_What is being asked_
Copy each line below exactly as it appears. Pictures are to be omitted.

_Recorded information_
================================

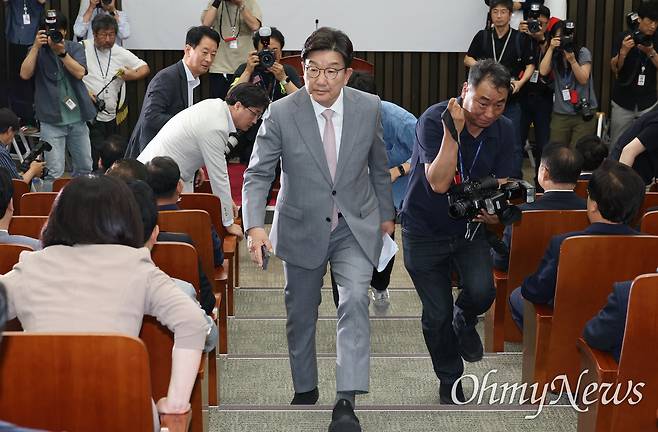 권 원내대표는 대선 패배 직후부터 터져나온 친한계의 사퇴 압박을 이겨내지 못했다. 이날 오전 의원총회 전부터 "사퇴 쪽으로 중지가 모이고 있다"는 말이 나온 상태였다.
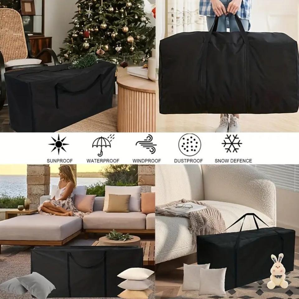 Sac de rangement pour sapin de Noël ZB105, tissu Oxford 600D, noir, rectangulaire, anti-poussière, utilisation en extérieur
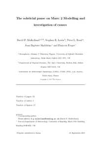 Mulholland, D. P., Lewis, S. R., Read, P. L., Madeleine, J.-B. and Forget, F. (2016) The solsticial pause on Mars: 2 modelling and investigation of causes. Icarus, 264. pp. 465-477. ISSN 0019-1035 doi: 10.1016/j.icarus.2015.08.038
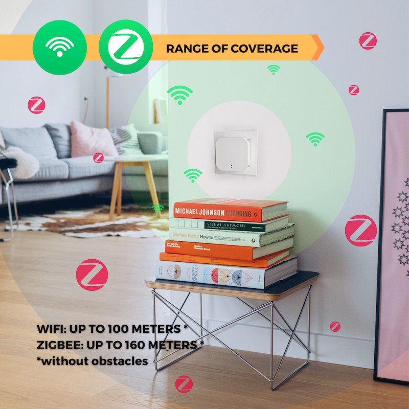 Portée de fonctionnement : WiFI : 50 mètres maximum (zone vide), ZigBee : 90 mètres maximum (zone vide)

================================

_The completed task_
 권 원내대표는 대선 패배 직후부터 터져나온 친한계의 사퇴 압박을 이겨내지 못했다. 이날 오전 의원총회 전부터 "사퇴 쪽으로 중지가 모이고 있다"는 말이 나온 상태였다.
 Sac de rangement pour sapin de Noël ZB105, tissu Oxford 600D, noir, rectangulaire, anti-poussière, utilisation en extérieur
 Mulholland, D. P., Lewis, S. R., Read, P. L., Madeleine, J.-B. and Forget, F. (2016) The solsticial pause on Mars: 2 modelling and investigation of causes. Icarus, 264. pp. 465-477. ISSN 0019-1035 doi: 10.1016/j.icarus.2015.08.038
 Portée de fonctionnement : WiFI : 50 mètres maximum (zone vide), ZigBee : 90 mètres maximum (zone vide)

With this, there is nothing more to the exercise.